Le sénateur Patterson : Je vous remercie de cet excellent exposé.

Monsieur Tough, vous avez affirmé d'entrée de jeu que les certificats avaient pour but d'« abolir » le titre d'Indien, selon le terme que vous avez employé, je crois. Pourtant, des Métis s'appuient maintenant sur ces certificats pour prouver leurs ascendances et leurs droits autochtones. Vous savez que dans le cadre de notre étude, nous nous intéressons à la définition de « Métis ».

Pourriez-vous nous indiquer dans quelle mesure votre recherche sur les certificats peut nous aider à définir ce qui constitue un Métis, compte tenu du fait qu'il est reconnu qu'ils ont des droits ancestraux en vertu de la Constitution?

M. Tough : Le gouvernement du Canada n'a pas créé de registre du peuple métis, comme il l'a fait pour les autres peuples autochtones, comme ceux enregistrés en vertu de la Loi sur les Indiens, dont les modalités et les conditions pourraient être contestées. Pour que les droits ancestraux aient des avantages substantiels quelconques, il faut déterminer qui en sont les bénéficiaires. Après avoir consulté une panoplie de documents historiques, je crois qu'il existe des renseignements objectifs et vérifiables pour attester la généalogie de ceux dont les descendants peuvent établir leur arbre généalogique.

Il y a notamment le système de certificats des Métis du Nord-Ouest, ainsi que les affidavits conservés au Manitoba concernant les subventions pour les enfants et les certificats pour les adultes, que nous appelons les affidavits du Manitoba. Rien de tout cela n'est parfait, puisqu'on ne pensait pas à nos besoins il y a 120 ans. L'organisation des renseignements de l'époque constitue un vrai casse-tête pour un spécialiste des sciences sociales d'aujourd'hui.

Le recensement de 1901 constitue également un document clé, qu'on pourrait qualifier de recensement racial. Tout le monde s'est vu attribuer un J, un R, un B ou un N, selon qu'ils étaient de couleur jaune, rouge, blanche ou noire. Et c'était des catégories raciales qu'il s'agissait, et non de couleurs de la peau. On a donc un dénombrement racial de la population au Canada.
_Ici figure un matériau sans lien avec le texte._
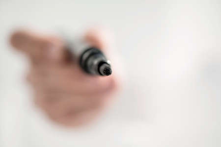 Hand holding a black marker on white background,ready for drawing

Les recenseurs devaient également porter une attention particulière au mélange de sang indien et blanc. Les recenseurs indiquaient si les gens étaient de race française — c'était le terme technique utilisé, tout choquant qu'il soit — ou des Métis écossais-cris. Il fallait consigner ces renseignements.

Les recenseurs n'étaient pas tous compétents et ne suivaient pas toujours les instructions. Le recensement de 1901 nous donne toutefois un aperçu de noms de personnes métisses. L'information contient des détails sur la personne concernée, la famille et la région géographique.

Ce qui est intéressant, selon ce que je comprends, c'est que le gouvernement du Canada et le système judiciaire croient que depuis 1870, il a toujours existé une distinction claire entre les Indiens des Premières nations, qui sont des Autochtones, et les Métis, qui ne sont pas des Indiens. Or, cette distinction n'existe pas dans le recensement de 1901, où ceux qui appartenaient aux Premières nations et aux Métis se voyaient tous attribuer le code de couleur R. Dans ce cas précis, aucune distinction n'a été faite entre les deux.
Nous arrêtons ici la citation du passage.